* **Task details**
Take the line with "Jean Tousseul, Le" and every line after it, through the end of the listing, and give them again exactly, pictures excluded.

* **Extracted data**
■ ■ ■

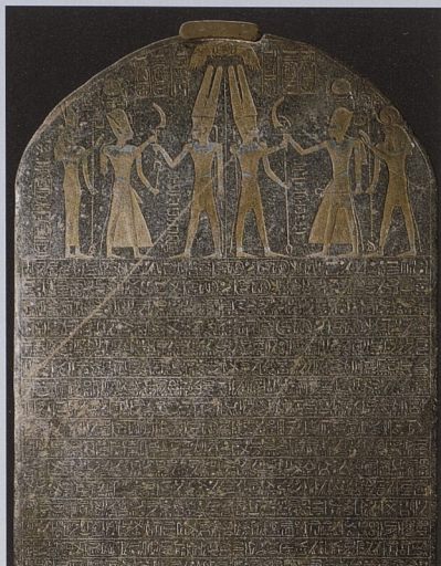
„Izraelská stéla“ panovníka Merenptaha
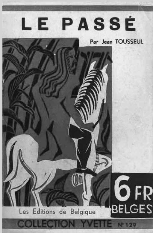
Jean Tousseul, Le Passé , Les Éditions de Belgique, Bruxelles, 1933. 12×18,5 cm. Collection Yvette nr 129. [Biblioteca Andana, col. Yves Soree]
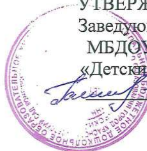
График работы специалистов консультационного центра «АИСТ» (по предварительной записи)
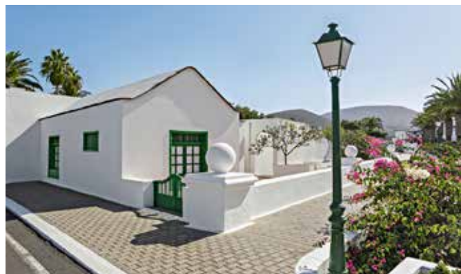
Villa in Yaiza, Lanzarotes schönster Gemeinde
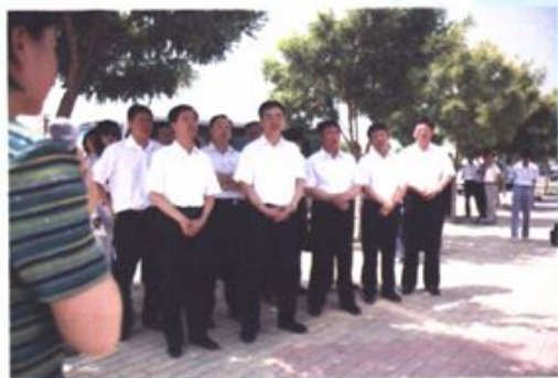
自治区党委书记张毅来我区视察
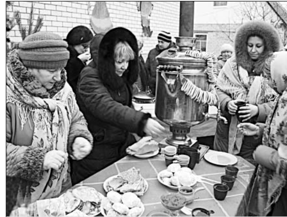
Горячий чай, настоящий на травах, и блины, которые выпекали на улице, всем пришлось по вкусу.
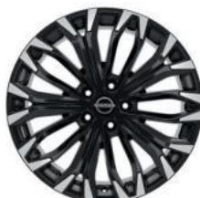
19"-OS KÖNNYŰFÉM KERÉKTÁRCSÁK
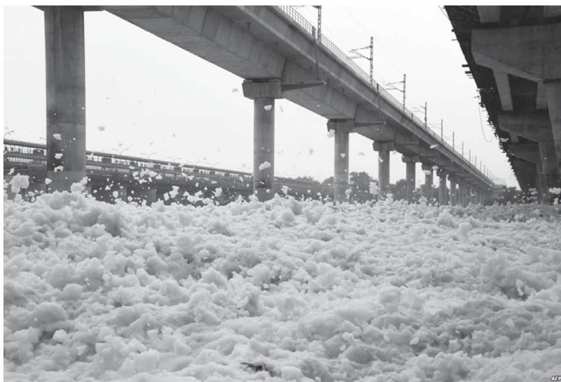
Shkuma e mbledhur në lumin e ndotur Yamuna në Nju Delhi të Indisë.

■ ■ ■

* **Response to the task**
Jean Tousseul, Le Passé , Les Éditions de Belgique, Bruxelles, 1933. 12×18,5 cm. Collection Yvette nr 129. [Biblioteca Andana, col. Yves Soree]
График работы специалистов консультационного центра «АИСТ» (по предварительной записи)
Villa in Yaiza, Lanzarotes schönster Gemeinde
自治区党委书记张毅来我区视察
Горячий чай, настоящий на травах, и блины, которые выпекали на улице, всем пришлось по вкусу.
19"-OS KÖNNYŰFÉM KERÉKTÁRCSÁK
Shkuma e mbledhur në lumin e ndotur Yamuna në Nju Delhi të Indisë.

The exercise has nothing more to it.